Ничто не ускользнуло от его внимания. И те двое, что нырнули в чащу вроде б по нужде. За ними пошел. Увидел, как в дупло полезли. Оттуда рюкзак загрузили. Так–то вот… Конечно, заставил вернуть все. А потом судили их своим судом. За то, что опозорили нас. За то, что разменяли имя. И расстреляли обоих, — выдохнула Петровна.
— Своих?
— Конечно. А как иначе? Все с этим согласились. Война была. Но знаешь, зато и теперь помнится каждому. Слух по всем отрядам прошел. И у нас уже никто после этого мародерством не промышлял. Страх мешал иль что другое — не знаю. Но до самого конца войны не жаловались на нас люди. Знаю, что жестоко. Но действенно.
— Юльку не убьют. Выгонят. Пожалуй, ей до стари памятно будет, — согласился Кузьма сам с собой.
— Не просто выгонят. В трудовой книжке напишут — за что уволена! А это хлеще расстрела!
— Она себе другую, чистую купит. Нынче и не то за деньги отмывают. Но воровать не насмелится.
— В здравотдел сообщат.
— Уйдет из медицины на годок. А там и забудется, — отмахнулся Кузьма.
— Э–э, нет! Мы, покуда живы, повсюду ее достанем. И не простим. Не забудем пакость. Ведь из–за нее всех нас обыскали. Каждому обидно было. И тебе! Вон даже уходить собрался. А мне куда бежать? Тоже пережила. Чтоб найти заразу, всем платить приходится. Зато теперь все знают, кто виноват.
— Петровна, ну ведь ты — баба! Неужель не жалко было тех двоих, каких убили?
— Кузьма, у меня от семьи никого не осталось. Я в лес ушла, чтоб за своих детей отомстить. А эти зачем в отряд пришли? Ширму нашли? Вот и получили. Не жалела. Хотя потом в регулярной армии, с какой мы до Берлина дошли, всяких видела. Но они врагов трясли. Не своих. И этого я не понимала. Отнятое впрок не идет, как и украденное.

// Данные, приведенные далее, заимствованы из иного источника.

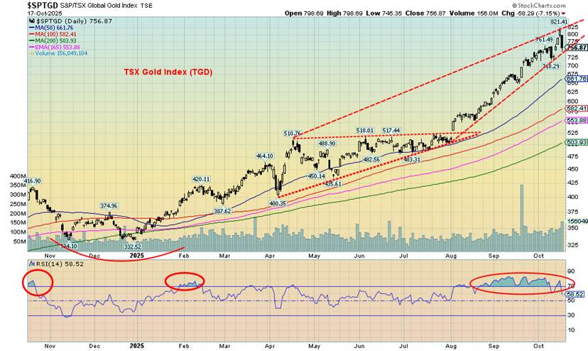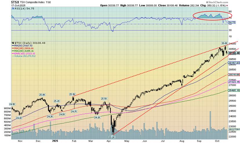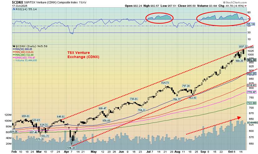 The Canadian stock markets need a breather from their breakneck runs to new highs/all-time highs. The pause that refreshes. Could it be a major top? Yes, but for that we need the TSX and the CDNX to bust the April 2025 low to confirm.

Всегда беду приносит. И ты, Кузьма, не обижайся на нас. Может считаешь глупыми? Но для Семушки те часы дороги памятью. Она у каждого своя, как жизнь. Отнял память, а что осталось? Пойми нас, если сможешь, — погасила сигарету. И, отвернувшись к окну, продолжила, смахнув слезу: — Я и теперь во сне слышу смех своих ребятишек. Словно живы они. Разве могла б променять их на всякое дерьмо, пользуясь войной? Они тогда всех нас перед деревенским людом испозорили — все ведь видели в партизанах защитников и мстителей. Сыновья тех стариков тоже воевали. На фронте и в лесах. Что думали о нас тогда эти люди? Да что там! Я их расстреляла! К чему скрывать теперь? За своих детей, за свою боль. И ворюг ненавижу больше всех на свете…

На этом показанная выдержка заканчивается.